Updated: Feb 10
THE RIGHT (BUT LESS OBVIOUS) QUESTIONS TO ASK BEFORE YOU COME TO TERMS ON RENT
Negotiating an LOI for a commercial space? Negotiate these basic and often overlooked elements before you agree on rent.
It may seem mundane, but the existence of the right utilities should never be presumed. Are the utilities brought into the space? Bringing gas or electric service from another part of the building into a retail space can be surprisingly expensive. If the landlord is not delivering the utilities you need into your space, find out the distance and specifications of the utility service, and have a contractor provide an estimate of the cost to do so. Restaurants require above-average power and water requirements, and adding them later on may be prohibitively expensive, or not at all possible.
2. COMPETING USES
So you found a perfect space for your business with no competitors nearby - for the moment. If your landlord controls the nearby buildings or a shopping center, make sure you request "exclusivity" language in the lease. Think about what type of businesses would most likely take customers away from you and specify that in the lease. Be as broad as possible - a donut shop might take away customers from a cupcake store, so a cupcake exclusivity might not be enough.
3. PERSONAL GUARANTEES
If your company is new, the landlord will likely want your company to sign the lease, but also require you as the owner to personally guarantee the lease, requiring you to continue to pay the rent even if the company closes. Personal guarantees are negotiable, for new businesses they are usually necessary in some form but can often be more limited than originally proposed by the landlord. Most retailers do not personally guarantee the entire lease, but rather the first few years of a lease, then a limited amount thereafter if the business leaves the building, often terminating entirely before the lease expiration. Negotiate carefully, the last expense you need if your business closes is to keep paying rent.
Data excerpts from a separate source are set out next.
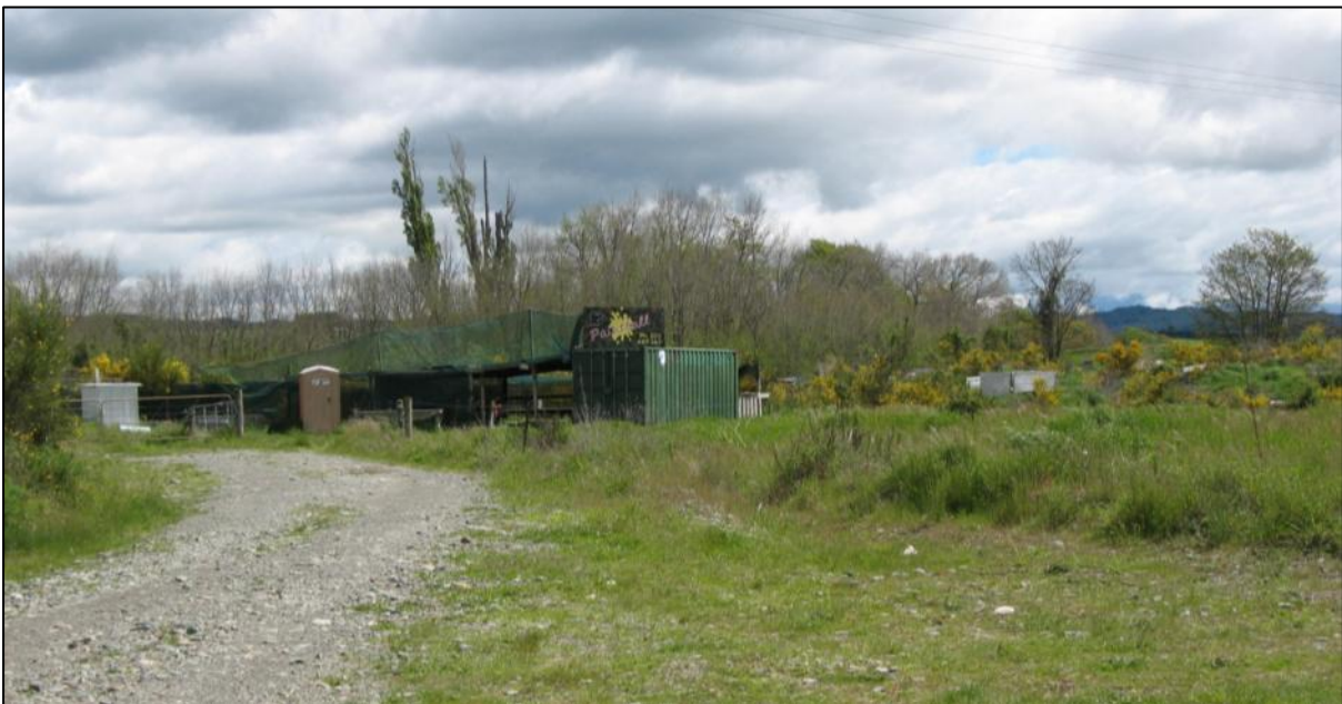
Existing paintball operation at Challies Island

A commercial paintball operation, depending on its location, need not conflict with other objectives for park management. However, it does require exclusive use of land, similar to other commercial leases, and a 40 m buffer (or some other screening) between it and other uses. This management plan proposes that the commercial paintball lease be relocated from Challies Island. One possible location is the pine plantations north of Challies Island, where the pine trees are in poor condition and proposed for removal.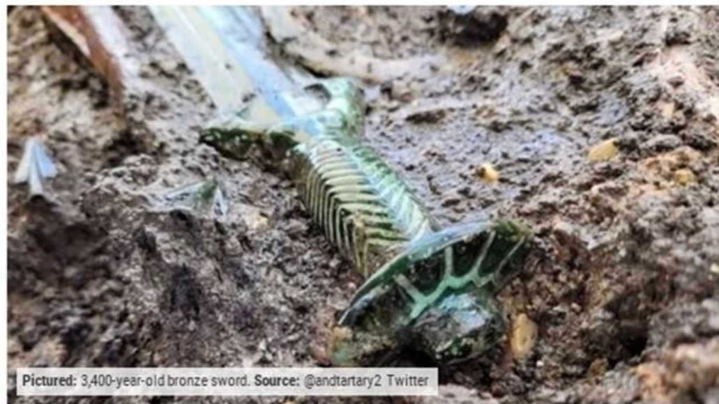
Pictured: 3,400-year-old bronze sword.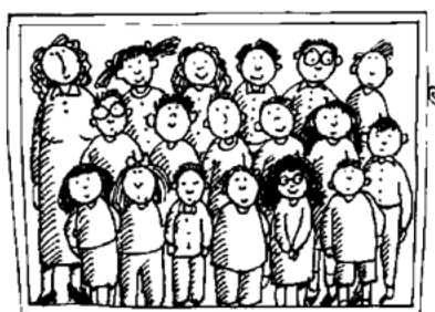
CLASS PICTURE DAY IS COMING SOON!

School photos will be taken on Monday 10 February . Order envelopes will be sent home next week and need to be returned on photo day only please . The photographer's instructions also indicate that an envelope needs to be returned separately for each child, but only if not ordering online (in that case an envelope does not need to be returned at all, please see envelope for instructions). Family photos will also be taken and order envelopes for those are available from the office on request.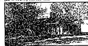
ALL SPORTS PINE LAKEFRONT! Completely redone in 1990. Gourmet white kitchen with granite counter tops. Master suite with jacuzzi and steam shower overlooking pond in back. $479,900 (ED-W-08PIN) 547449 Call 626-4000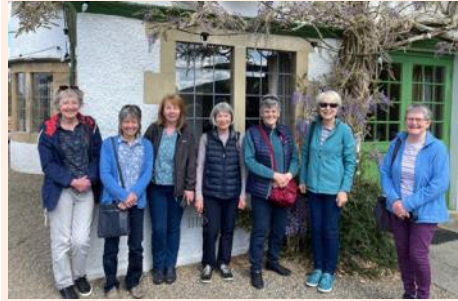
Outside Broad Leys

Towards the end of April – and in glorious sunshine – a group from Beetham WI enjoyed an informative and interesting guided tour, organised by 'Lakeland Arts', of two impressive "Arts & Crafts" country houses overlooking Windermere. Broad Leys, designed by C.F.A Voysey, is now the home of the Windermere Motor Boat Racing Club and Blackwell was designed by Mackay Hugh Baillie Scott. A delicious cream tea at Blackwell was appreciated by everyone!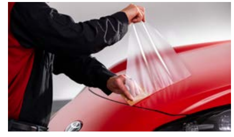
Paint protection kit<sup>32</sup>

The "escalations" term in the lease may seem like an innocuous - and standard - provision, yet it is anything but. Landlords often insert a 3% annual increase in rent, which seems benign. But CPI in 2020 is running at 2%, so your rent grows annually 50% faster than your rent. Consider carefully the last year of the lease, will rent be fair? If you start at $8,000 per month with 3% annual increases on a 10-year lease, your rent will be $10,438 per month. If your escalations are 2%, your rent in year 10 will be $9,560 per month, saving you $878 every month.